All of these operations atomically create their own counted reference to the bucket list they work on, so they will finish on the same bucket list they started on, and keep that list alive while doing so.

There are four operations which can interfer with this: clear(), rehash(), swap() and operator=, the latter of which uses a swap().

clear() will atomically exchange the current bucket list with an empty one; concurrent thread safe element operations will either finish successfully on the previous bucket list (having their effects ordered before clear()) or on the new one (having their effects ordered after clear()).

rehash() is not a thread safe function, so running concurrently with it is not a concern.

swap() (and thus operator=) is not a thread safe function. While exhibiting almost the same behavior towards thread safe element functions as clear(), with regard to working on either the old or the new bucket list, a badly timed swap() can negate a clear() and thus clearly is not thread safe and not marked thread safe, so running concurrently with it is not a concern.

Finding nodes is a straightforward application of finding internal nodes. The result will always yield an internal node, which can be either a data node that can be returned or a sentinel node, in which case a failure (end iterator) is returned.

This also is a pretty straightforward application of finding internal nodes. If the internal node found is a data node, a pair of local iterators to the node found and its next node is returned. The next node may be a sentinel node, but local iterators (as opposed to non-local iterators) can refer to sentinel nodes (and do so to represent the end of the bucket iterator), so that behavior is perfectly fine. If the node found is itself the sentinel, then no element with the specified key exists and an empty range [ end()..end() ) represents the result accordingly.

An erase operation will first find the internal node representing the element to be erased. If this node cannot be found, the element does not exist and the erase operation is a noop.

Otherwise the internal node will be marked for deletion by atomically replacing its next-pointer with a nullptr (keeping a copy).

If it turns out that the next-pointer already is a nullptr, that means a concurrent erase operation is running concurrently and may or may not succeed. This erase operation will restart from the beginning (i.e. trying to find the node again). At this point no change to the data structure has been made (only a nullptr was replaced with a nullptr atomically), so no roll-back is necessary.

At this stage, the nullptr next-pointer means that traversions through the to-be-erased node will either have gotten through to the next node before the atomic exchange or will run into our nullptr and needs to restart its traversal.

However, if the next-pointer in the to-be-erased node was changed after the next-pointer in the predecessor, a concurrent insert after the to-be-deleted node may be lost or skipped over by traversions concurrent to both operations, resulting either in possible data loss or possible element duplication.

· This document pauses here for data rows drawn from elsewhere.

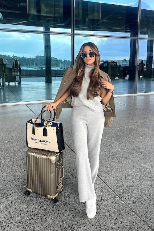 Combining comfort with elegance, this airport outfit effortlessly merges casual wear with refined style. The sleek grey jogger set is perfectly complemented by a neutral-toned blazer, adding a sophisticated touch for the discerning traveller. The oversized tote and compact carry-on suitcase round off the look, ensuring both practicality and panache.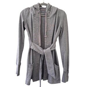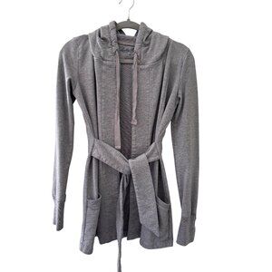 Lucky Brand Cozy Grey Hooded Wrap Cardigan With Tie Waist & Side Pockets
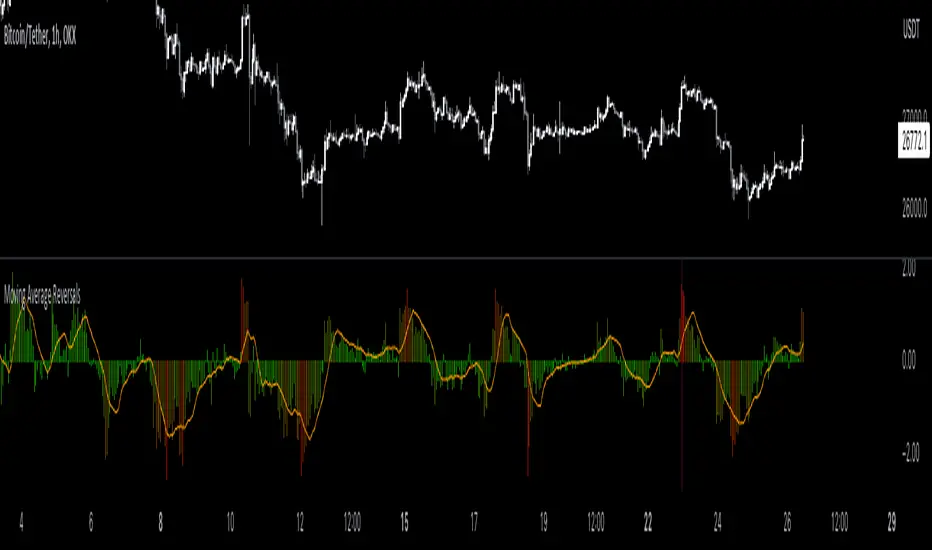 The Moving Average Reversals indicator gives a quick visual representation of when a stock gets extended up or down from a user selected moving average.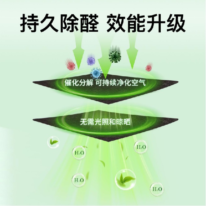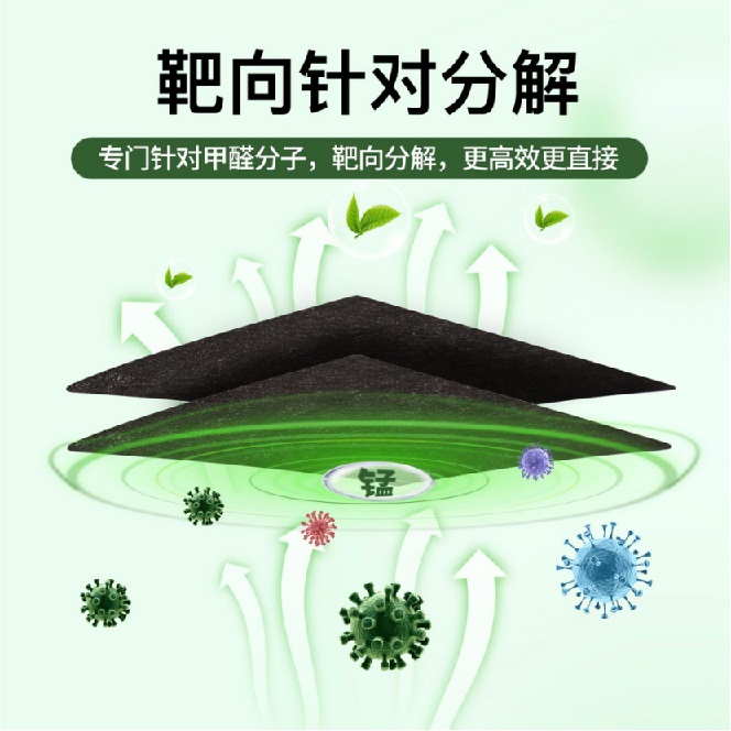 技術(shù)優(yōu)勢:無需光照、作用持久、避免二次釋放(與傳統(tǒng)活性炭吸附有本質(zhì)區(qū)別)這項技術(shù)的突破性并非單一要素的結(jié)果,而是多個創(chuàng)新點共同作用的產(chǎn)物。“分解”而非“吸附”:這與普通活性炭只能物理“吸附”甲醛有本質(zhì)區(qū)別。活性炭吸附容量有限,一旦飽和或環(huán)境溫度升高,已吸附的甲醛又會重新釋放出來,造成二次污染。而活性錳技術(shù)通過催化作用,從分子結(jié)構(gòu)上破壞了甲醛,將其轉(zhuǎn)化為無害的二氧化碳和水,這個過程是不可逆的,從而根除了二次污染的隱患。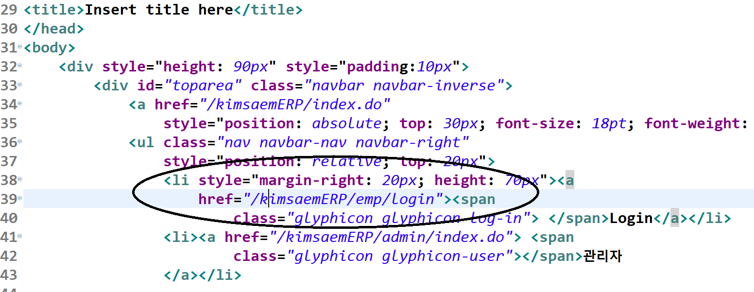 top.jsp의 요청 path도 /kimsaemERP/emp/login으로 변경합니다.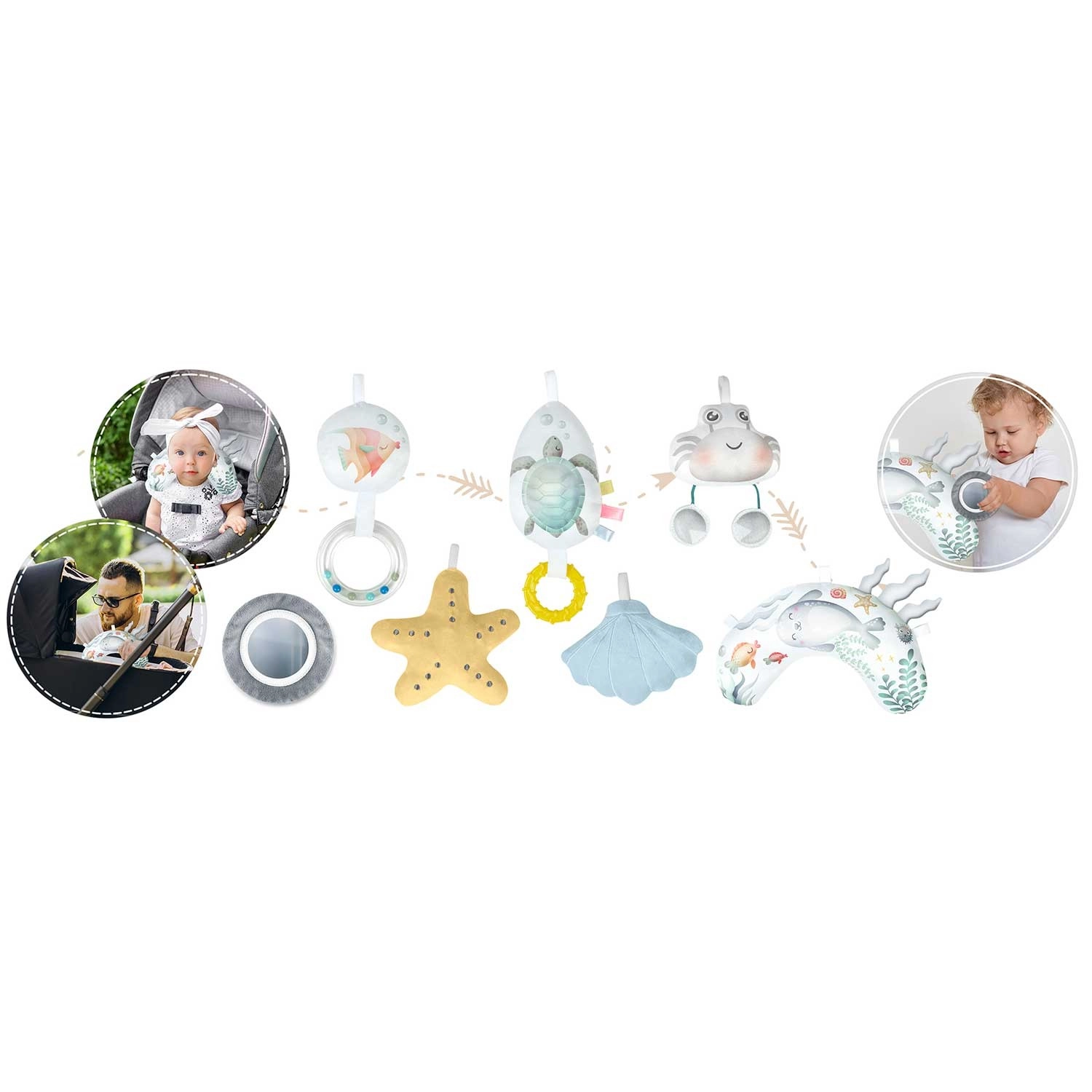 Spiegel, Rasseln, Raschelelemente, Quietschspielzeug (Krabbe), weiche Hängefiguren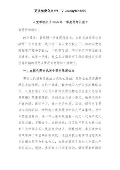 【七哥公文】2025年:入党积极分子2025年一季度思想汇报2+更多免费公文+VX:QiGeGongWen2024+更多免费公文+VX:QiGeGongWen2024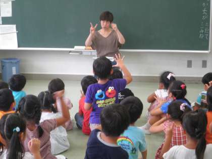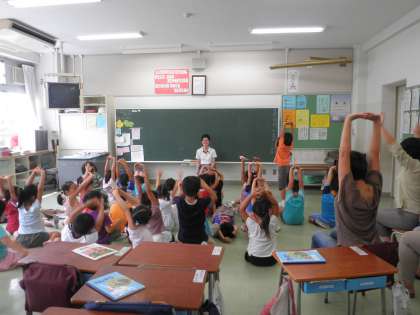 手を動かしたり、休憩のときは体を伸ばしたりと、お話だけでなく、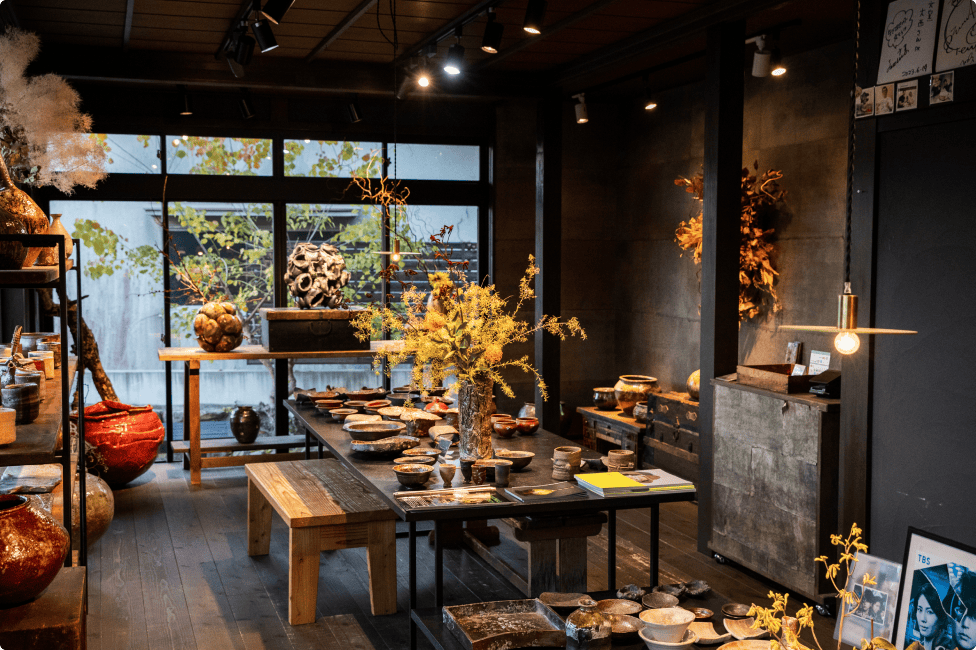 Tachikui, the town of Tamba wareIn Tachikake, the home of Tamba pottery with a history of 850 years, there are many potteries that continue to carry on the tradition of pottery making. The longest-established pottery family has a history of xxx years, and is now in its xxth generation.

Following up, the integrity of the node list is restored by replacing the predecessors next-pointer with the backup of the old next-pointer using an atomic compare and switch, comparing the current value against the to-be-deleted node. If the compare and switch succeeded, the to-be-deleted node has successfully been unlinked from the node list and will be deleted when the last shared_ptr to it held by any concurrent operation goes out of scope.

There are three operations that could have changed that pointer, two of which can be rules out:

• Concurrent insert(); but inserts only happen at the end of a node list, and while this erase() operation may very well cause the predecessor to become the end of the list, it is not yet.
• Concurrent erase() to the same node; which will not continue once it sees current->next == nullptr.

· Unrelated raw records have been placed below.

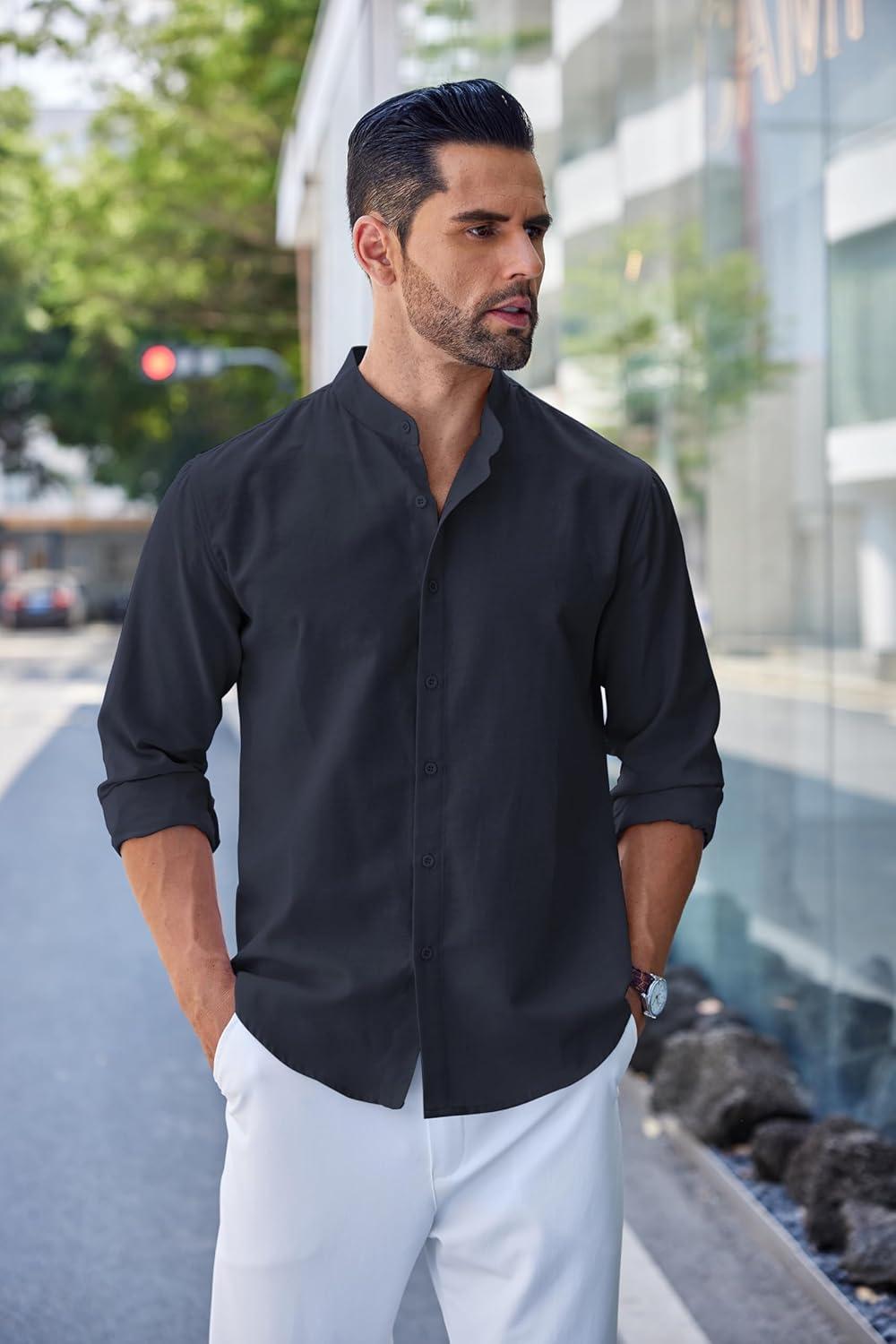 COOFANDY Men’s Long Sleeve Oxford Dress Shirts Chambray Button Down Shirt Casual Band Collar Shirts(Navy Blue)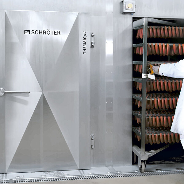 Die SEMIjet®-Anlage ist eine semikontinuierliche Durchlaufanlage und kombiniert einzelne Prozesszonen wie Heißräuchern, Kochen, Backen und Intensivkühlen in einem Anlagenkonzept.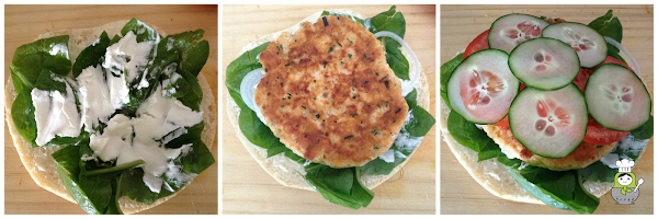 Mientras se hacen preparamos el pan, en el que untaremos el queso de cabra (nosotras hemos añadido un poco también sobre las espinacas porque somos fans incondicionales de este queso), después colocaremos las hojas de espinaca lavadas y secas, encima la cebolleta, sobre ella la hamburguesa y, por último el tomate y el pepino cortados en rodajas finas. Cerramos con el otro trozo de pan y listo.

The only operation left to cause this is an erase() on the predecessor, which leaves the next-pointer as a nullptr. To find the new predecessor, erase() needs to restart, but before it does that, it needs to (atomically) restore the to-be-deleted nodes next-pointer to its old value to restore the previous state of the list.

An insert operation will first find an internal node representing the requested element. If one is found, the element is already in the list and insert() is a noop and returns.

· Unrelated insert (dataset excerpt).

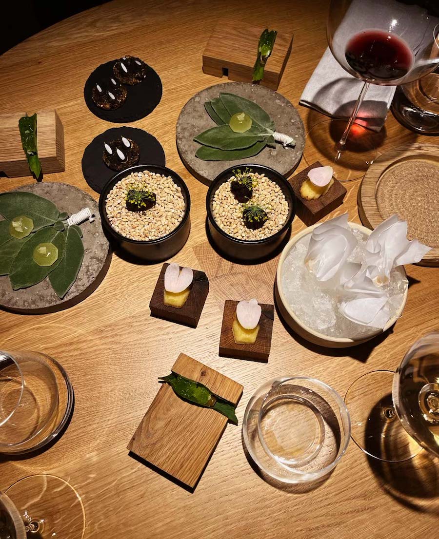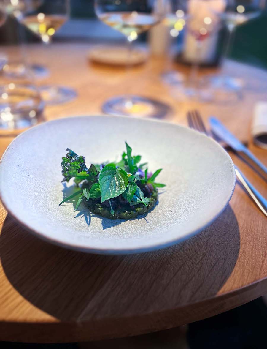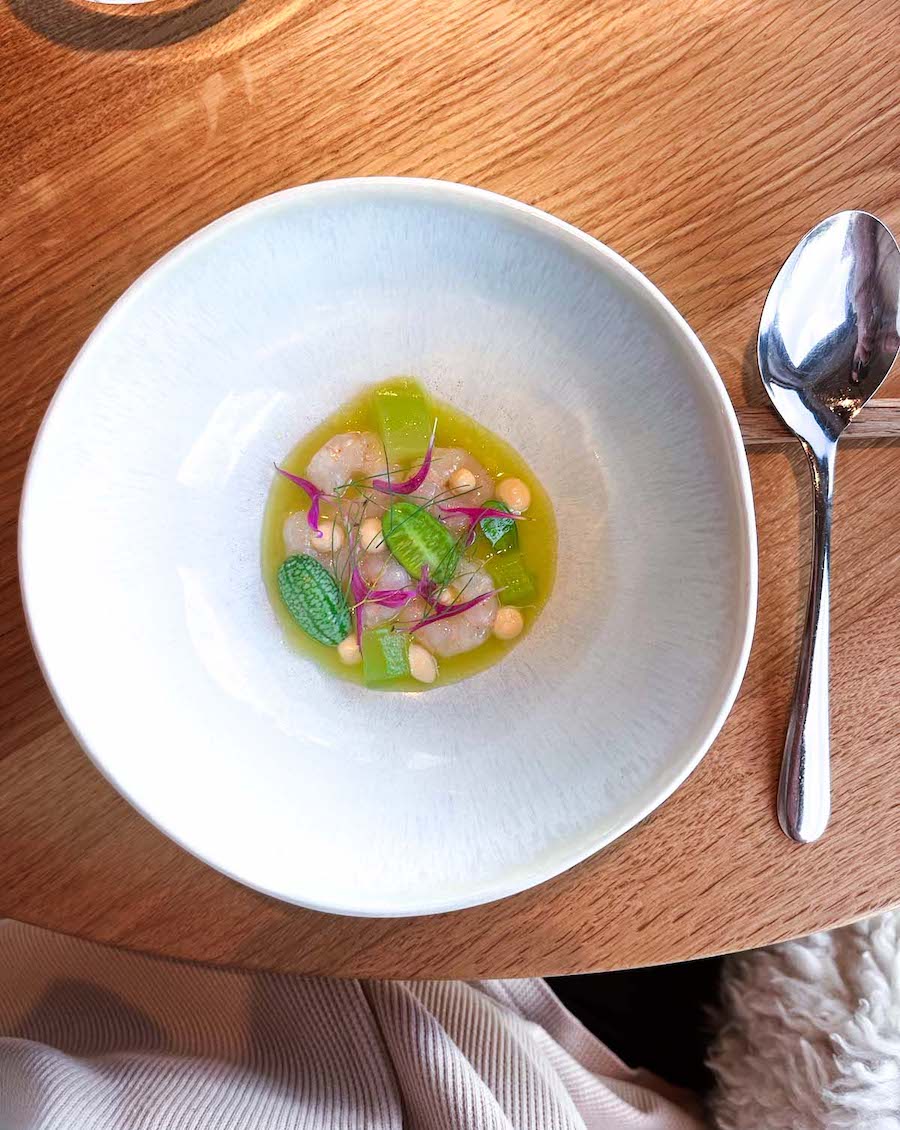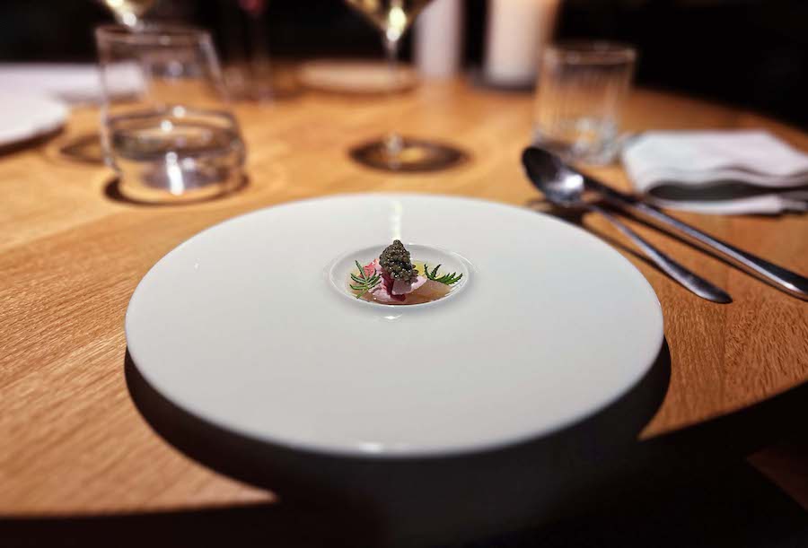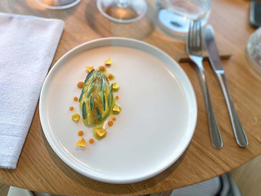 Pa smo već za pozdrave iz kuhinje dobili jela koja su bolja i zanimljivija nego cjelokupne večere u nekim restoranima. Mali zalogaji patlidžana s lješnjakom i crnim tartufima uz fritulice punjene kukuruzom ostavili su posebno snažan dojam, dok su gljive i pjena od kvasca i krafnice s dagnjama uspješno držale korak s našim favoritima. Slijedio je red laganih jela intenzivnih okusa, koje postupno uvode goste u večeru. Jadranske kozice s malim krastavcima i majonezom ježinaca idealno su ljetno jelo, dok mladi kozji sir omotan u papriku gotovo duhovito imitira popularna ljetna jela s ovih prostora.

Otherwise, the internal find retrieved the sentinel (end of bucket) as the node found and its predecessor (which may also be the sentinel) which contains the next-pointer to the sentinel.

At this point a new node containing the element is instantiated and configured to refer to the end of the list with its next-pointer. As its value is constant for the duration of the function (and keys are constant anyway), its associated bucket and with it the end-of-node-list node will not change, and due to the fact that insertions always happen at the end of the bucket, neither will the new nodes next-pointer. This part of the operation is race free.

Next an atomic compare and swap operation replaces the predecessors next-pointer with a pointer to the new node, if that next-pointer still refers to the end-of-list. If this exchange succeeds, the new node has successfully been added to the bucket list, and an iterator to it can be returned.

There are two possible options for the exchange to fail: A concurrent erase operation on the predecessor or a successful concurrent insert operation to the same bucket. In either case the process essentially starts from the beginning, attempting to find the element or the end of the bucket again.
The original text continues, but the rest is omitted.